__Task objective__: What is needed is the exact text of each line in the listing below from the one with "ee_block 값들은 0x8000 단위로 배수로 늘어난다." up to and including the one with "Manually Created PBN", and no pictures.

__Available records__:
# # #

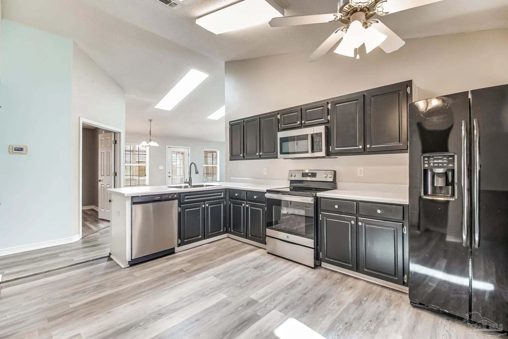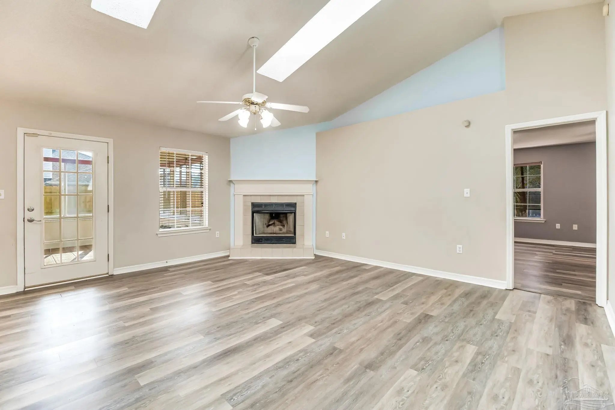 Welcome home! This three bedroom and two bath home offers ample amenities while being close to local attractions such as beaches, shopping and more. Making your way into the private cul-de-sac, you'll note the plantation shutters out front, mature landscaping, and two car garage. Inside, you’ll find a bright, open living area with plenty of natural light and a seamless flow into the dining space and kitchen. The living area provides vaulted ceilings, skylights, and a fireplace with hearth with wood look LVP flooring throughout. The kitchen offers generous counter space, ample cabinetry, and a practical layout ideal for everyday cooking or entertaining. All three bedrooms are comfortably sized, with the primary suite featuring its own private bath and a spacious closet. Out back, you are provided with a large sun room that is perfect for additional entertaining space. The home also features a fully fence yard, storage shed out back, and so much more!
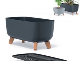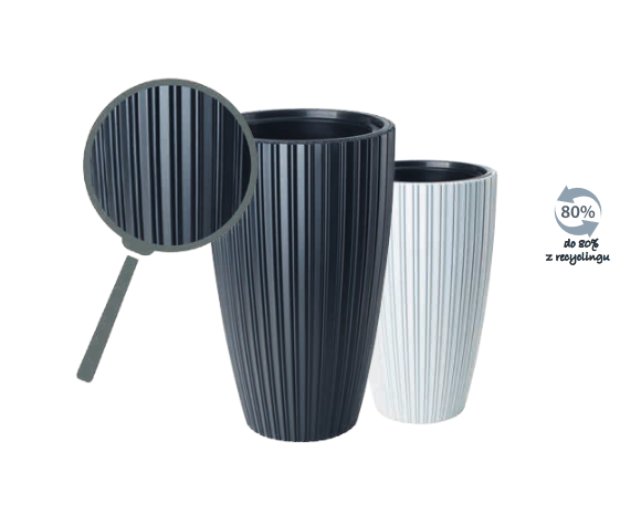 Doniczka okrągła Mika 40 cm. z wkładem, Antracyt. Doniczka duża, niska, okrągła Mika, w kolorze antracytowym, z dołączonym wkładem, o prążkowanej fakturze pionowych żłobień. Doniczka lekko zwężana ku dołowi. Piękny, nowoczesny wzór nada wnętrzu elegancji i przyciągnie wzrok gości, szczególnie w połączeniu z rośliną zieloną. Doniczka Mika jest wytrzymała na uszkodzenia. Donica odporna na działanie warunków atmosferycznych: promieniowanie UV, niskie temperatury, mróz. Dzięki swojej wytrzymałości idealnie nada się na zewnątrz m.in. do ogrodu, na taras. Wspaniale współgra z nowoczesnymi, ozdobnymi trawami. Do 80% stworzona z recyklingu. Produkt marki Fashion Pots, o pojemności wkładu 13,7 l. Nadaje się do recyklingu w 100%. Dane techniczne: Wysokość: 42 cm. Średnica: 38,5 cm. Pojemność: 36 l. Producent: Form-Plastic.
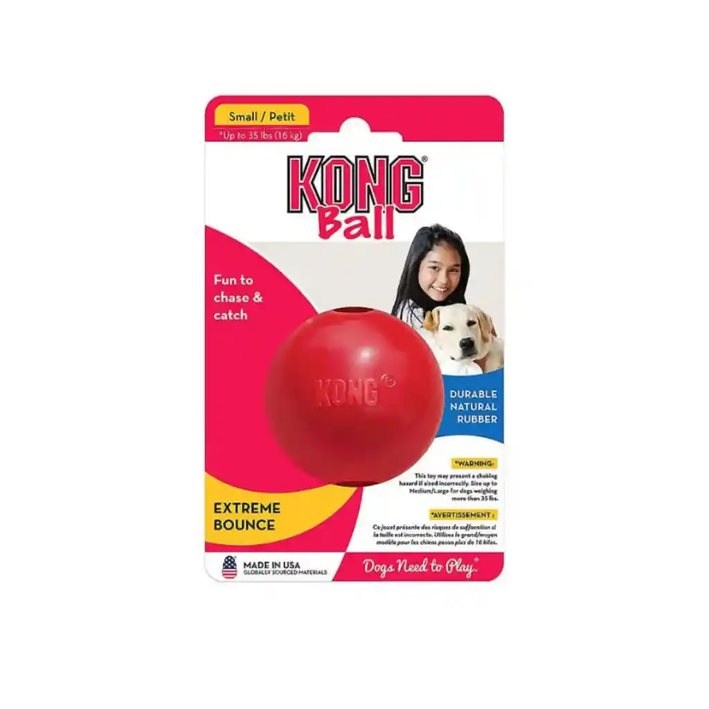 Dos clásicos unidos! La pelota de toda la vida, que vuelve locos a los perros, es ahora también Kong con todas sus ventajas. Rueda y rebota ¡A los perros les encanta! Puede rellenarse con comida o con golosinas y su amigo no podrá resistirse! La mejor forma de que tu perro haga ejercicio, se divierta y fortalezca sus mandíbulas. El juego con objetos satisface la necesidad instintiva de todos los carnívoros de “cazar-capturar-masticar”. Los juguetes Kong rebotan en direcciones impredecibles (simulando la caza) tienen el peso y las medidas de una presa (captura) y una textura elástica que simula el bocado de la presa (masticar). Talla Small: Para perros que pesan hasta 16 kilos. Color: rojo Materiales: Goma extra resistente
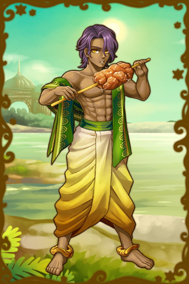 - ラーマ?あいつはすげぇヤツだよ…。あんな雰囲気で軽く見えるかも知んねぇが知識も力もあるし、何より人望が厚い。オレは好き嫌いが激しい方だけどよ、ラーマのことは尊敬してる。つーか、現に、前に助けてもらったことがあるんだよな。オレが腹減って動けなくなってたら、ラーマが飯をくれたんだから命の恩人だぜ。(親密度前半)
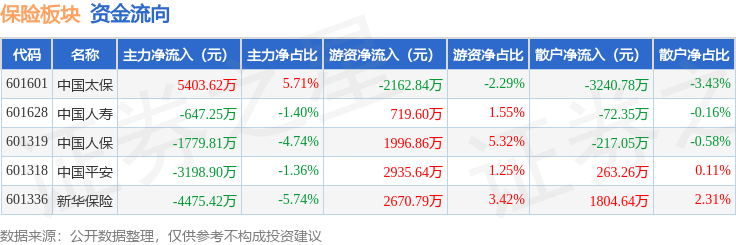 从资金流向上来看,当日保险板块主力资金净流出4697.77万元,游资资金净流入6160.05万元,散户资金净流出1462.28万元。保险板块个股资金流向见下表:
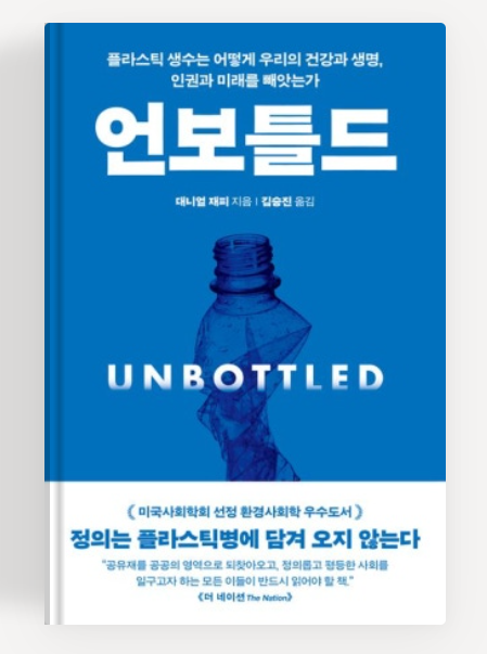 <언보틀드(대니얼 재피 지음 | 김승진 옮김 | 아를>에서 대니얼 재피 교수는 10년 넘게 들인 생생한 인류학 현장 연구서를 통해 "다국적 기업 4곳(네슬레·코카콜라·펩시·다논)이 병입생수 사업을 급격하게 확장하면서 어떤 일이 벌어졌는지, 사회·문화·환경적 영향을 다각도로 분석했다"며 "이들의 무문별한 확장이 공공 수돗물 시스템에 막대한 영향을 미쳤다"고 지적한다.
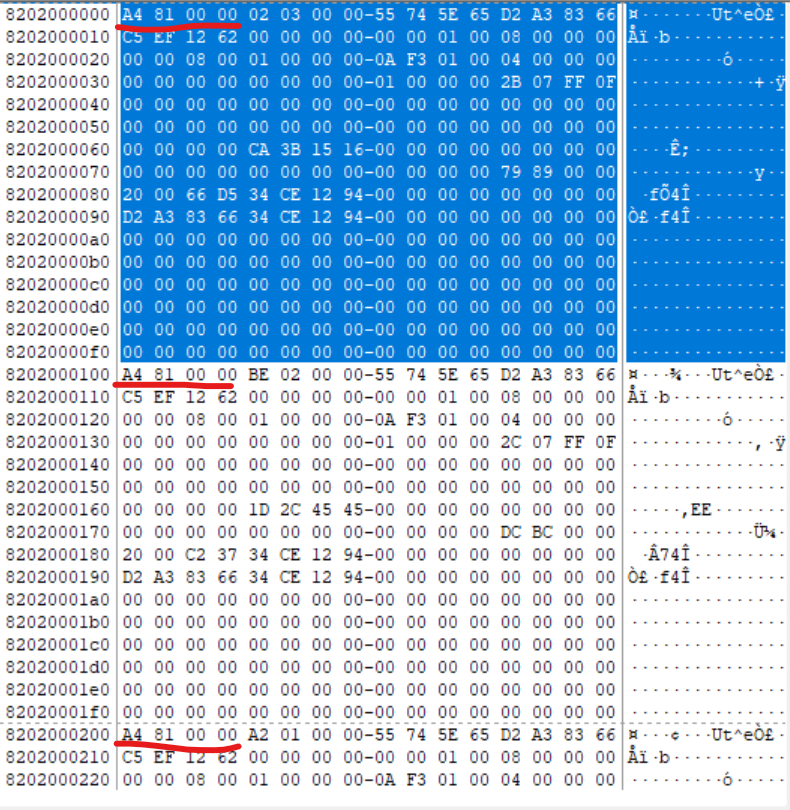 ee_block 값들은 0x8000 단위로 배수로 늘어난다.
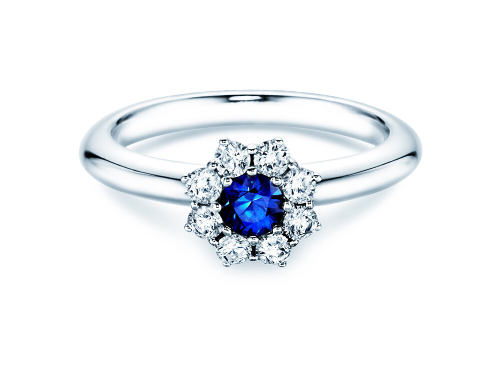 18K oro bianco con zaffiro 0,33ct e diamanti 0,40ct
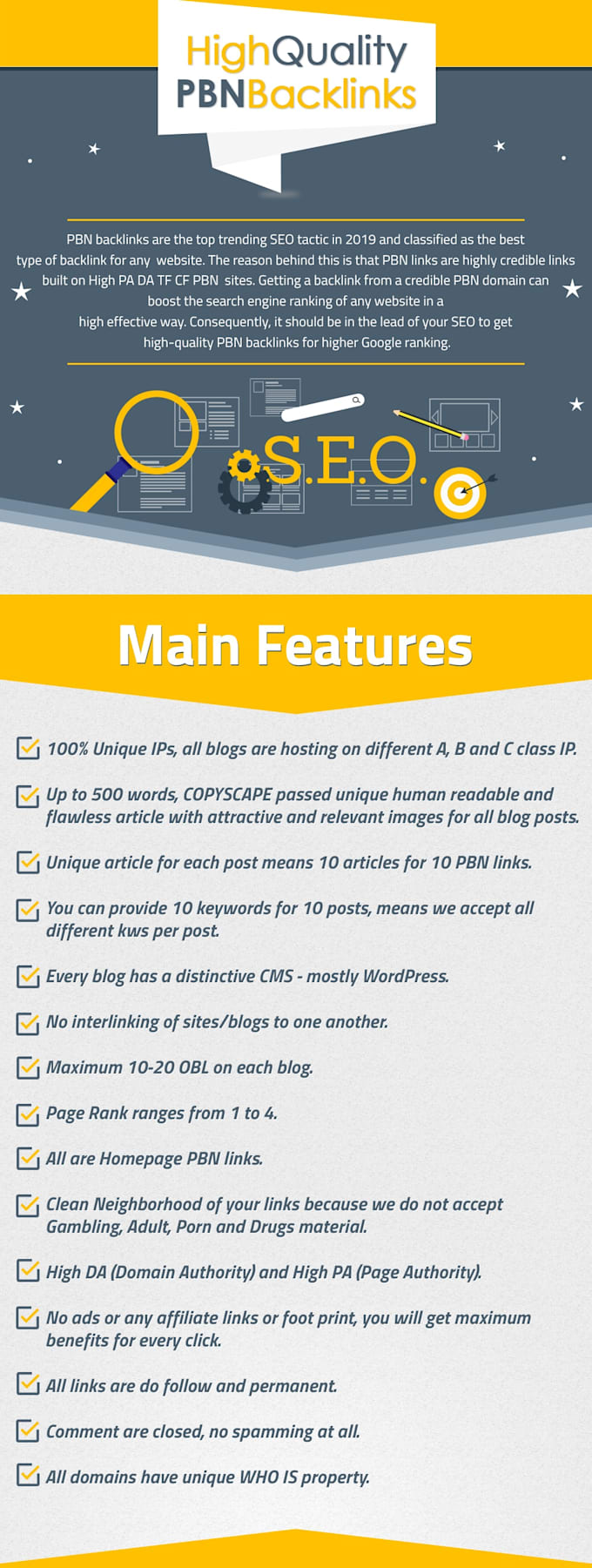 Manually Created PBN BACKLINKS From High Quality PA DA CF TF Domains To Rank Your Website High on Google. PBN Backlinks are thr top trending SEO tactics in 2019 and are classified as the best type of backlink
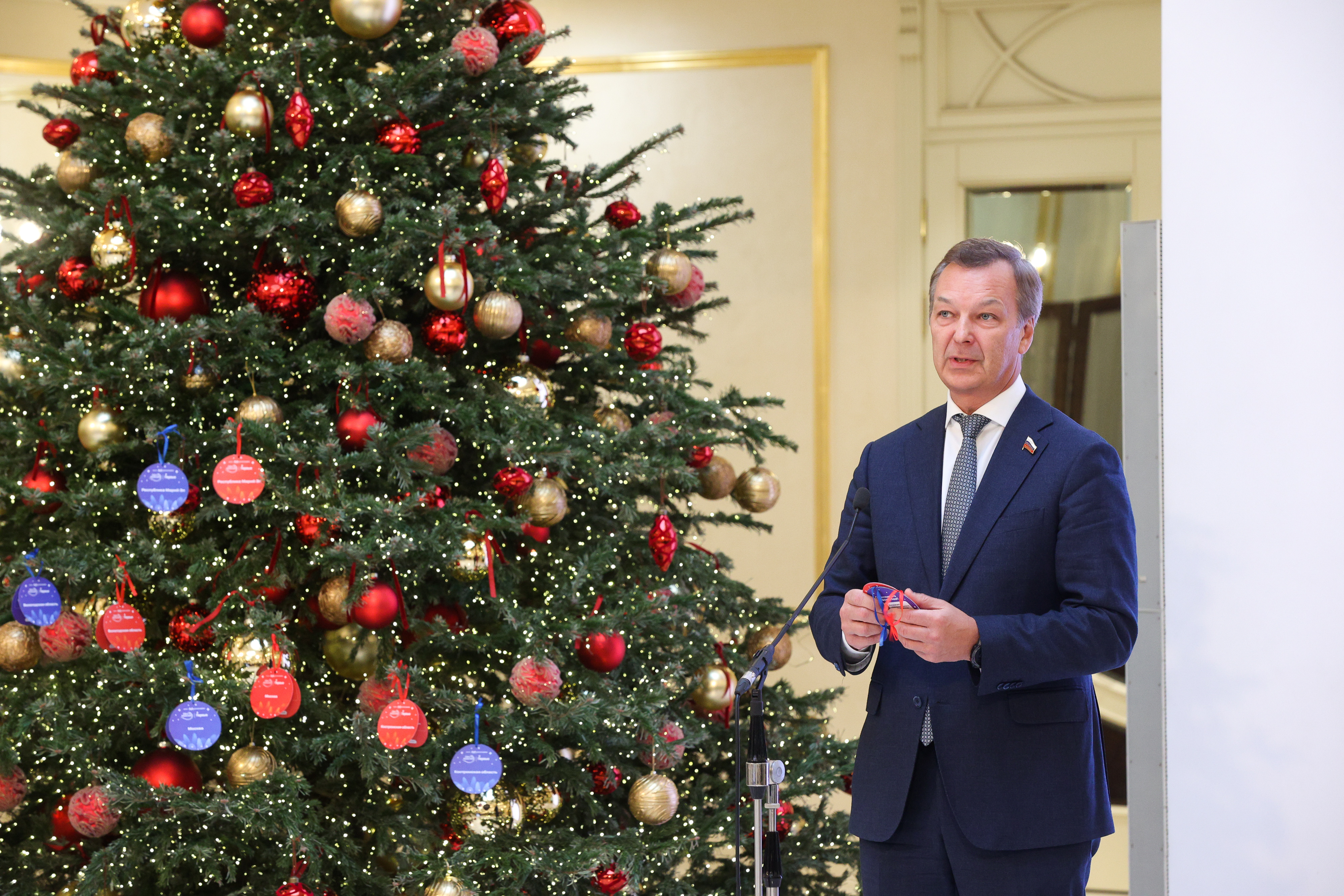 Андрей Яцкин первый заместитель Председателя СФШары с праздничного дерева сняли также вице-спикеры палаты регионов Юрий Воробьёв, Николай Журавлёв, Константин Косачёв и Инна Святенко. Они пожелали ребятам здоровья, удачи в их делах и волшебного Нового года.
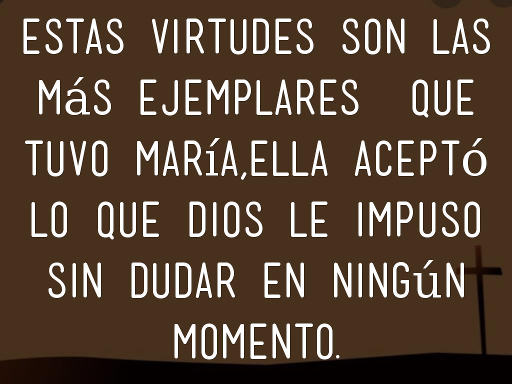 Estas virtudes son las más ejemplares que tuvo María,ella aceptó lo que Dios le impuso sin dudar en ningún momento.
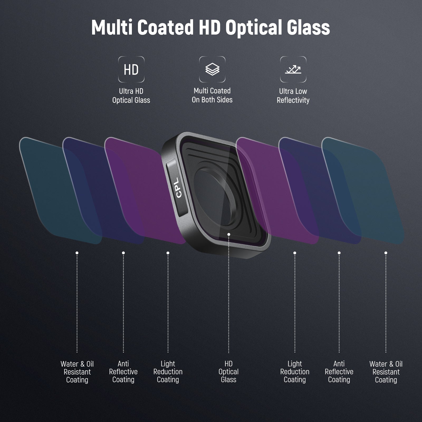 - Vidrio óptico HD con revestimiento múltiple : con tecnología de revestimiento premium de múltiples capas, el filtro polarizador reduce eficazmente el destello de la lente y evita el viñeteado, lo que garantiza claridad y detalle en el efecto de disparo. El vidrio óptico HD brinda una claridad, nitidez y precisión de color excepcionales. Ofrece alta transmisión de luz, reduce los reflejos y es duradero y fácil de limpiar, lo que garantiza resultados de alta calidad constante.
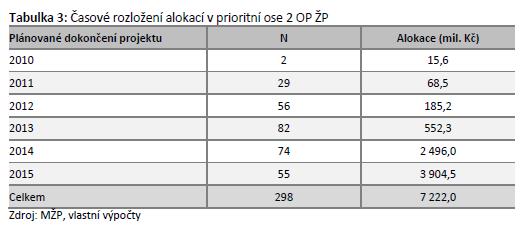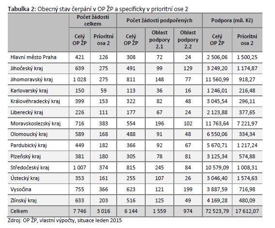 V rámci tohoto výzkumu se zaměřujeme na investice na Ostravsku v Moravskoslezském kraji. V tomto kraji byl realizován nejvyšší počet projektů v prioritní ose 2 (12,7 %) ze všech krajů České republiky. Co se týče finanční alokace v prioritní ose 2, pak z celkové sumy 17,6 mld. Kč investovaných v ČR, bylo celých 41,0 % investováno právě v Moravskoslezském kraji (pro další informace o alokacích viz tabulka č. 2).

# # #

__Response__:
 ee_block 값들은 0x8000 단위로 배수로 늘어난다.
 18K oro bianco con zaffiro 0,33ct e diamanti 0,40ct
 Manually Created PBN BACKLINKS From High Quality PA DA CF TF Domains To Rank Your Website High on Google. PBN Backlinks are thr top trending SEO tactics in 2019 and are classified as the best type of backlink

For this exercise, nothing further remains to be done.